The very first time we have shown Microsoft Computational Science Studio was at TechFest 2008 at that time codenamed ‘Discovery’. There we showed it to the public the first time to visualize, simulate and predict future development of global forest growth based on a novel scientific model developed by scientist Drew Purves.

At the Advanced Developers Conference Keynote in Bonn, Germany I already talked about the unique collaboration within the Computational Science Laboratory within Microsoft Research in Cambridge, UK. A unique setup of brilliant scientists from various fields and a group of great software engineers work together creating next-generation software solutions to address future challenges in computational science.
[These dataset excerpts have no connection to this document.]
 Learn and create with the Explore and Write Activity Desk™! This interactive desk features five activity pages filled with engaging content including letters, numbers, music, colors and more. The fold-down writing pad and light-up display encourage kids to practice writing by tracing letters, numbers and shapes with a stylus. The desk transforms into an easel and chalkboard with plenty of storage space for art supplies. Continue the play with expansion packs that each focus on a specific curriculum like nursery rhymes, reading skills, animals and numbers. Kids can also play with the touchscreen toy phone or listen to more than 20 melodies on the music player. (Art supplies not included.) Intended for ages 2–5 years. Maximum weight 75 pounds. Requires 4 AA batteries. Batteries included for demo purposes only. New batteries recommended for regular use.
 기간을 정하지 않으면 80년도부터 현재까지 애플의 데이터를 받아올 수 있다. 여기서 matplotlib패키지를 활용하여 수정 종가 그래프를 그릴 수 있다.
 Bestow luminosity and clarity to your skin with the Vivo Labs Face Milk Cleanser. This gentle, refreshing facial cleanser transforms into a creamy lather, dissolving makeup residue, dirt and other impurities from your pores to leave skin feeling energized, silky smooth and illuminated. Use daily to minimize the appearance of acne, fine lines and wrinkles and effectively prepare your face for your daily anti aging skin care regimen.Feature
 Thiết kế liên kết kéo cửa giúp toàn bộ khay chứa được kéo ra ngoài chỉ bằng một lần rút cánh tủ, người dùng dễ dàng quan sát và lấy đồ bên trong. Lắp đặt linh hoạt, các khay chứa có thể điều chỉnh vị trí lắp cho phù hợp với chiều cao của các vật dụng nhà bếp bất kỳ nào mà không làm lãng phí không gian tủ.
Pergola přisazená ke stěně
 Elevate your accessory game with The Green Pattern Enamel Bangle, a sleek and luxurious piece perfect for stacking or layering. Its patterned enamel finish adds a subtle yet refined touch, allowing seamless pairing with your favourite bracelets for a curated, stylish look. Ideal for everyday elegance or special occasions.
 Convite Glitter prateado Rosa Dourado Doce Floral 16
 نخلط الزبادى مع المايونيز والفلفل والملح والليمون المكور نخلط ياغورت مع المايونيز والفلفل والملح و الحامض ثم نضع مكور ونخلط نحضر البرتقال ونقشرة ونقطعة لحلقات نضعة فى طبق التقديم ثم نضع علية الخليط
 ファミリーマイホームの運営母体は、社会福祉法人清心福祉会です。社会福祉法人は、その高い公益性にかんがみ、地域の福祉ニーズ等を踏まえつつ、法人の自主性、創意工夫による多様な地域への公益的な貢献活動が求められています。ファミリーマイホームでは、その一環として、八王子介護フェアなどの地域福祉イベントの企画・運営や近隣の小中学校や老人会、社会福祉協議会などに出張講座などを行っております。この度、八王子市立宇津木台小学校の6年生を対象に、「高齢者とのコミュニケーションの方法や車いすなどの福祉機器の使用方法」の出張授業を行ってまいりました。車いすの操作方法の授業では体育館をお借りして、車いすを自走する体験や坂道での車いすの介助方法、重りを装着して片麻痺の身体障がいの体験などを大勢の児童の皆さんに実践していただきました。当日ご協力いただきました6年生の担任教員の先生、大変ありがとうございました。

The team includes Martin Calsyn (Architect), Alexander Brändle (Head of Technology), Drew Purves (Scientist), Matthew Smith (Post-Doctoral Researcher), Stephen Emmott (Head of Computational Science Laboratory within Microsoft Research and Professor of Computational Science at Oxford University), Vassily Lyutsarev (Manager Scientific Computing), Benjamin Schröter (Software Engineer), Eric Hellmich (Systems Engineer), Shawn Barrett (Quality Assurance and Software Engineer) and myself.

As part of his College Tour, Craig Mundie presented our work, the Microsoft Computational Science Studio (MSCSS), to the public at University of Washington, University of Illinois, Harvard University and Cornell University. Among he said about MSCSS:

Now, the way that this is actually built is it’s a bit like having Visual Studio, which is a toolkit for people writing programs — these guys call this the Science Studio, because the goal is to allow people not to write programs in the traditional sense but to compose large scale models together for scientific purposes.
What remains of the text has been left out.